FULL-LENGTH & ONE ACT PLAYS
John and Christine met in high school when he was 17 and she was 13. They fell passionately, uniquely in love with each other, but forbidden by Christine's father to see each other, were never able to pursue a romantic relationship. After John's marriage, they lost touch with each other until John decided to seek Christine out once again, finding her through the internet. In Shadows, they meet for the first time in thirty-five years, finding much has remained the same in their love and affection for each other - so much so, that it feels as if time hasn't passed. While learning about each other's lives, they remake their love story against heartbreakingly familiar constraint that now consists of marriage, family, and loss.
Violent and unpredictable, Ada is the child of your nightmares. Would she turn out differently if her teenage parents could give her away to the “right” family? Orchid Child begins before Ada is born as Luke and Valerie, seven months pregnant, uncertainly consider creating a secure and happy family in their city basement apartment, while middle-aged Peter and Elizabeth reflect on their own insecurities as prospective adoptive parents from the comfort of their suburban living room. As we watch two possible futures unfold for Ada in a split stage setting, dreams disintegrate into bitter memories that are resented, abandoned, longed for, and barely survived according to each character’s strengths and weaknesses. Over a thirty-year period, Ada’s histories become one, and in the end, her saga speaks to everyone who has considered whether or not nurture can really overcome nature.
And Toto Too Theatre Company, October, 2016 (staged reading)
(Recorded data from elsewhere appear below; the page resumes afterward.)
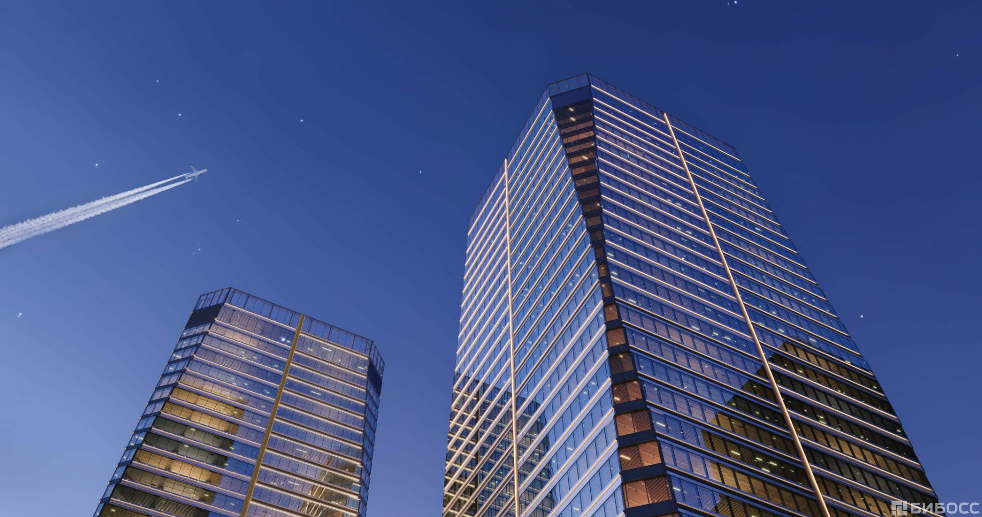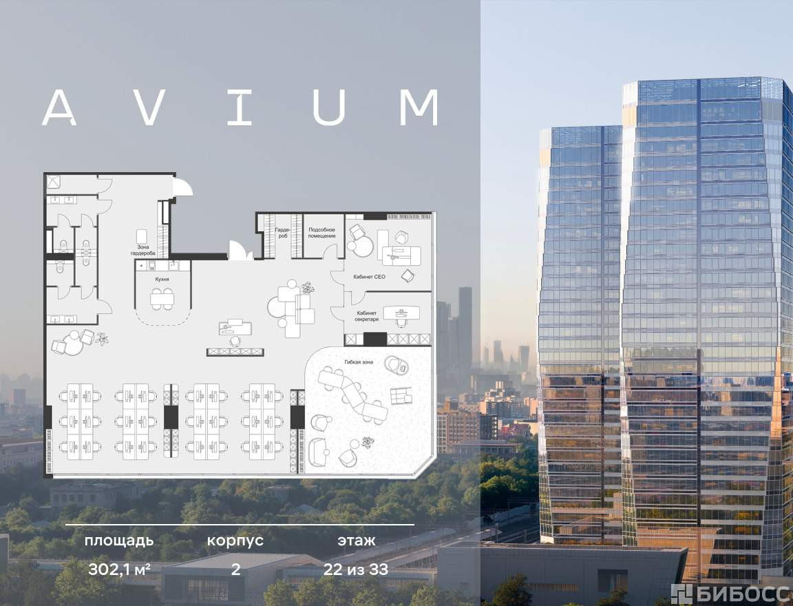 Продажа премиальных офисов в бизнес центре AVIUM. Две 34-этажные башни, объединённые галереей и дочерним корпусом.
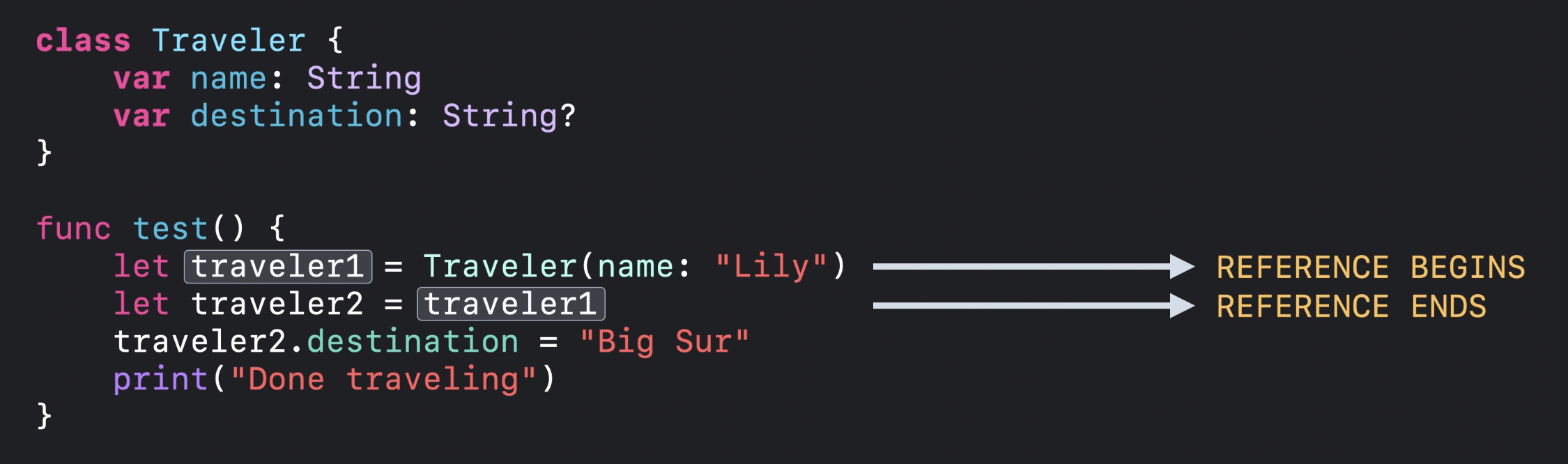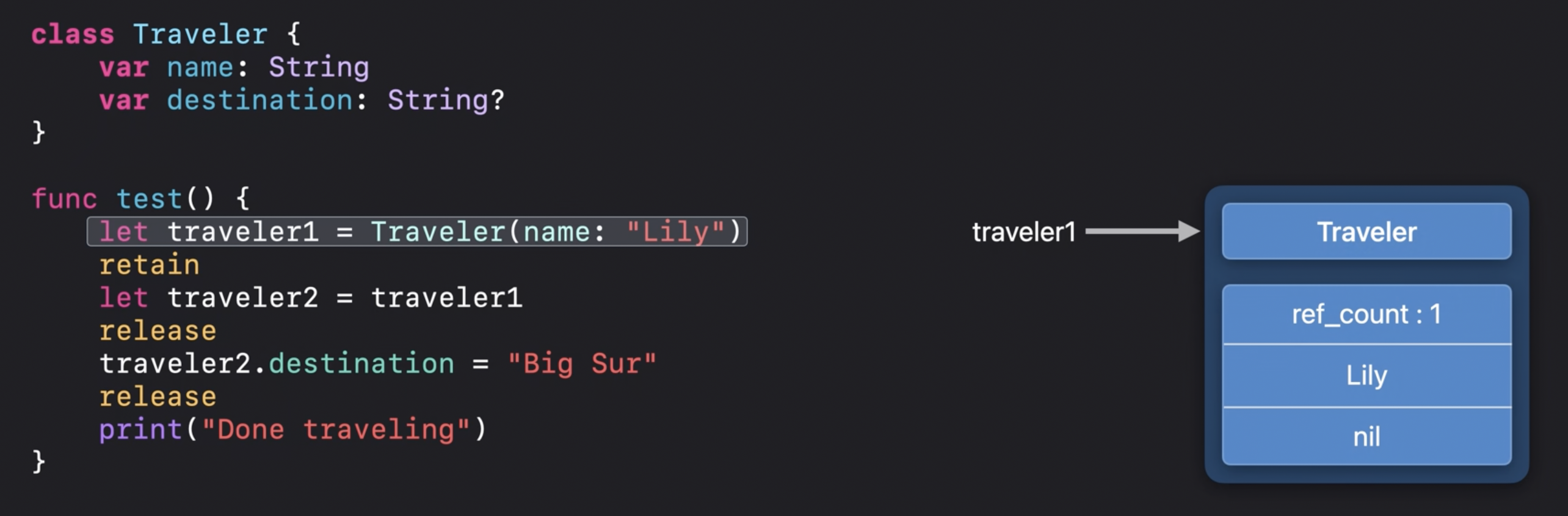 컴파일러는 'traveler1' reference 가 마지막 사용되는 즉시, 'release' 오퍼레이션을 주입한다.
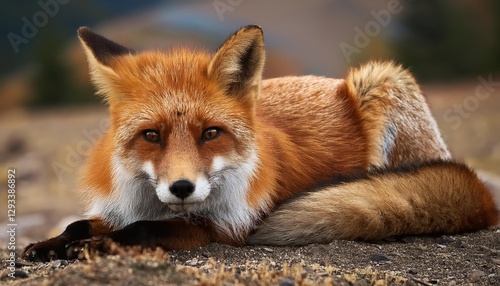 Fototapeta premium Majestic Red Fox Lounging in Forest Undergrowth, Gorgeous Fur Coat...
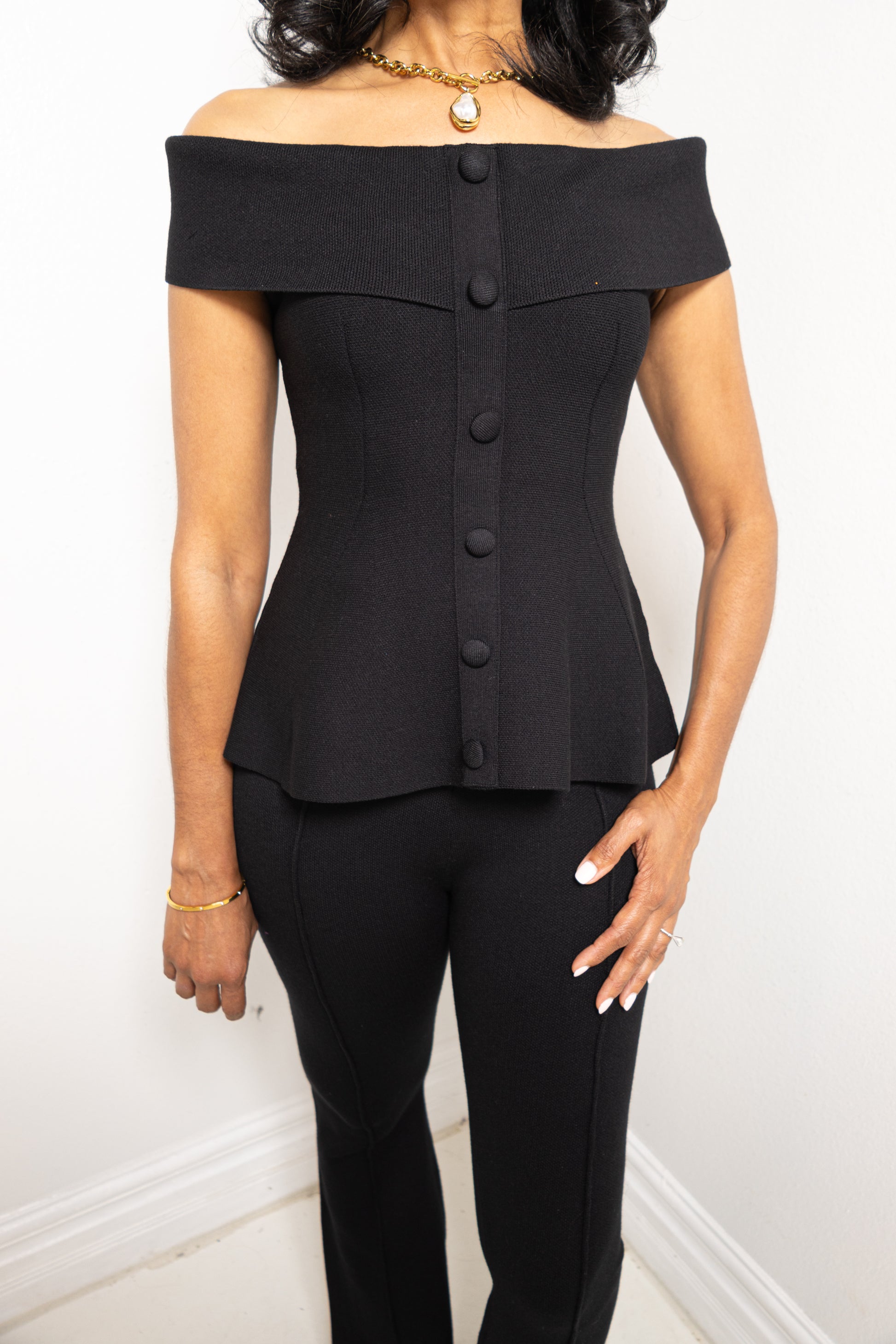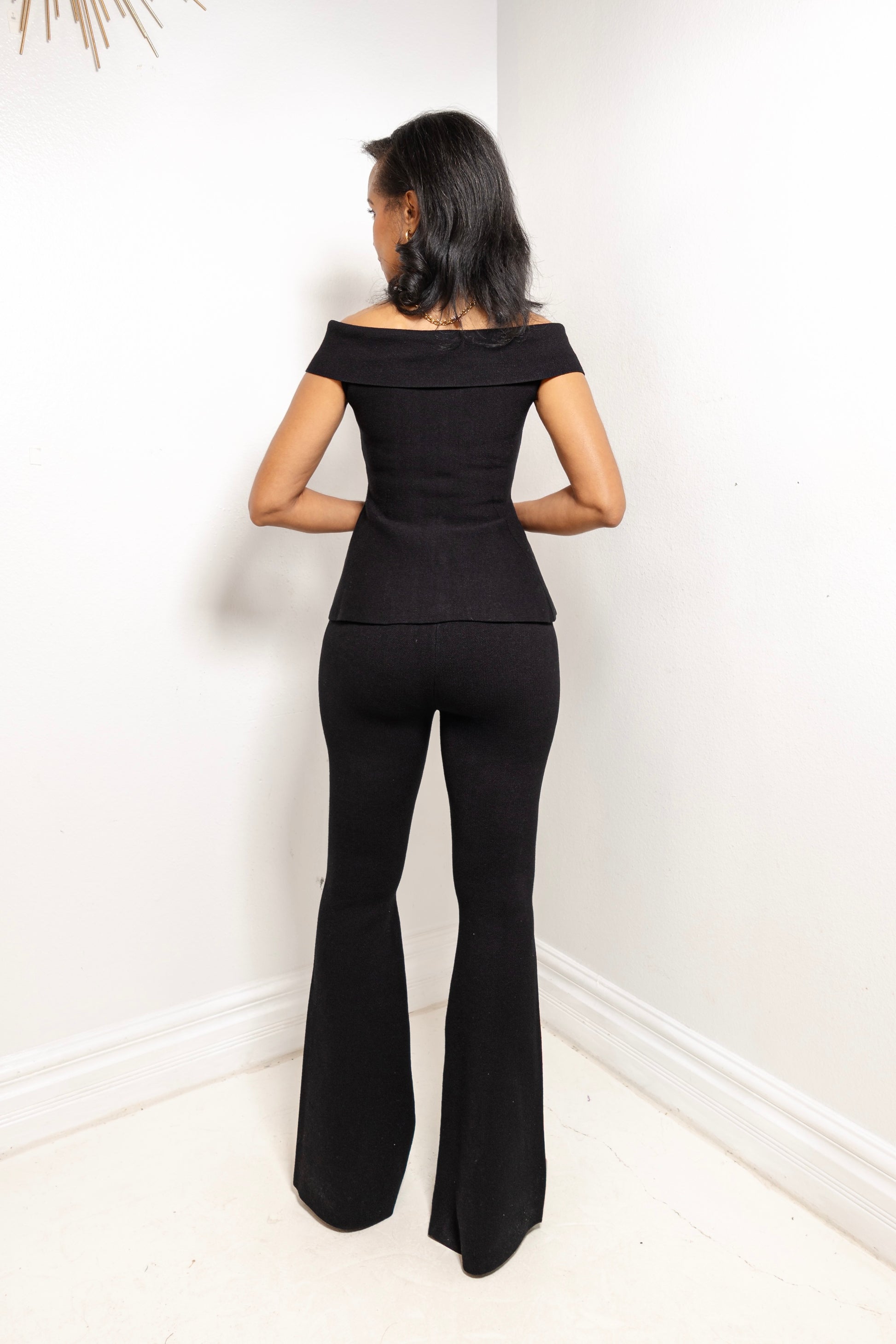 Step into sophistication with the After Hours Knit Set, designed to take you seamlessly from dinner to cocktails. This chic two-piece features an off-shoulder knit top with bold button detailing and a subtle peplum hem, paired with figure-hugging flared pants that elongate your silhouette. Effortlessly polished yet comfortable, it’s your new go-to for nights that call for timeless elegance.

Playwrights Revolution, Capital Stage Theatre, August, 2014 (workshop staged
Frustrated by the dull and conservative town in which she lives, high-powered Lola decides to turn things around by hosting intellectual salons at the local home décor store. Her plan for communal enlightenment slowly unravels as her hand-picked group of female enthusiasts engages in an unforeseen clash of ideas and faith. By the end of the first meeting, civility has gone out the window as friendships are strained and secrets revealed. In the aftermath of the melee, one person’s tragedy forces the women to reconsider whether or not their dreams are worth the price of illusion.
Paragon Theatre, Trench New Play Development Series, Denver, May 2011
Shooting Stars: A Cairo State of Mind (in development)
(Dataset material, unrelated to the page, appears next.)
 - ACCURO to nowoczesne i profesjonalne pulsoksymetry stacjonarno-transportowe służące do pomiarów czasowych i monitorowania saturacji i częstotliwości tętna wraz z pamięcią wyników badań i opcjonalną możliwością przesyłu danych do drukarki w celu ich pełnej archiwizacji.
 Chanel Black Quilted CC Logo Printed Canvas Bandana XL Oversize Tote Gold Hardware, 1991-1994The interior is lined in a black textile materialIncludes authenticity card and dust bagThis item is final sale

A father afflicted with schizophrenia; a once-booming river city suffering racial and economic turmoil; their intertwined personal and public histories of decline come together in a multi-media narrative anchored by the daughter's revelations and recollections.
The Salt Uprising (in development)
In a dialysis center where everyone knows everyone's business and the rules you need to follow just to stay alive can't be denied, choice doesn't seem like an option. That is until Ace, a young African American man, shakes up the daily routine and offers up the privilege of protest.
Superheroes (in development)
In a small city that could be Anywhere, USA, average citizens don masks and assume unique superhero identities, patrolling the streets at night in the name of safety and altruism, calling themselves the Dark Star Patrol. At first perceived as a bunch of harmless cranks, a crime-stopping event gone awry turns them into vilified pariahs besieged by the press and victims groups looking for justice. Companion piece to The Dog Park Play. (This is the full-length extension of my short play, Superheroes.)
The Dog Park Play (in development)
Every day at dawn, a motley group of devoted canine-lovers meets for conversation and company while their dogs exercise and play. Joe, Gus, Rick and Sharon, veterans of World War II, Korea, Viet Nam and Iraq, compare notes and exchange salty views while dominating park etiquette. When a new young crowd comes on the scene and threatens to upset their sense of order, the vets revolt in surprising ways. Companion piece to Superheroes.